The People’s Liberation Army (PLA) of China is using two all-terrain excavators – known as "spider excavators", for the way they can walk – to speed up the construction of roads in the difficult, remote terrain of the Himalayas near the disputed border with India.

Tensions are elevated between the two countries as each accelerates road-building on their respective sides of the 3,500km-long Line of Actual Control (LAC), over which they fought a war in 1962.

Made by Chinese equipment maker XCMG, the machines can step over obstacles and ditches, and work on near-vertical slopes thanks to their four hydraulic legs.

Their use was reported by The South China Morning Post, which spotted them in the background of a PLA video showing soldiers on the Tibetan plateau, or Brahmaputra as it is known in India.

According to the Post, the PLA uses one model that weighs 11 tonnes and can walk at 10km/h, and another that can be operated remotely.

The excavators are normally used for emergency rescue operations by China’s paramilitary police.

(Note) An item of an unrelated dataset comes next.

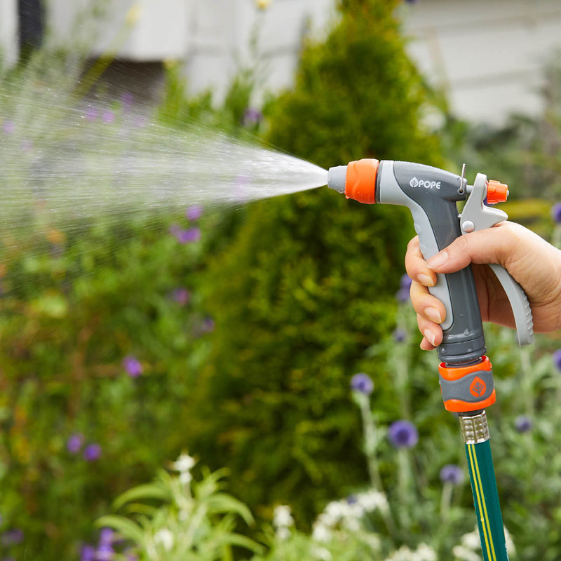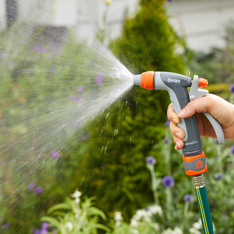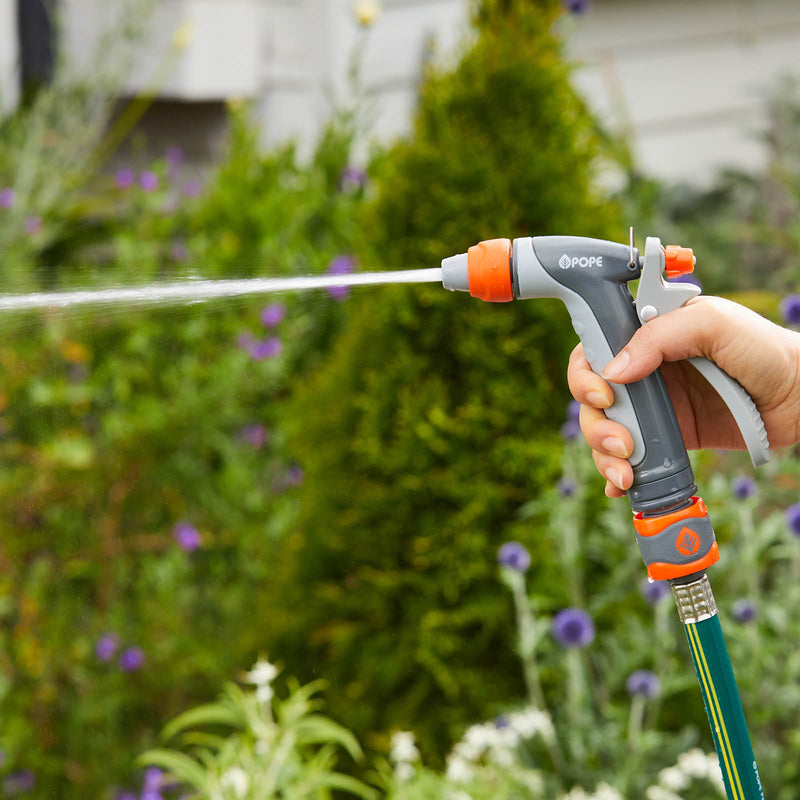 The Handy Spray Gun features a rear flow control trigger, soft rubber grip handle and an adjustable nozzle for a jet stream or mist spray. The knob above the trigger allows the user to set continuous flow without having to hold the trigger down, which reduces user fatigue.

In recent months, tensions have risen between the two rival neighbours over their construction activity near the LAC.

Agreements between the two countries prohibit the use of firearms in border standoffs, but 20 Indian soldiers were confirmed to have died in a mass brawl fought with clubs and other implements on 15 June in the Galwan Valley, part of the disputed Ladakh region in Kashmir.

It was the first fatal clash along the LAC since 1975.

The two governments agreed to disengage and de-escalate tensions after the incident, but they each continue to send reinforcements and to build infrastructure in the hard-to-reach areas.

Image: One model of spider excavators manufactured by Chinese equipment-maker, XCMG (XCMG)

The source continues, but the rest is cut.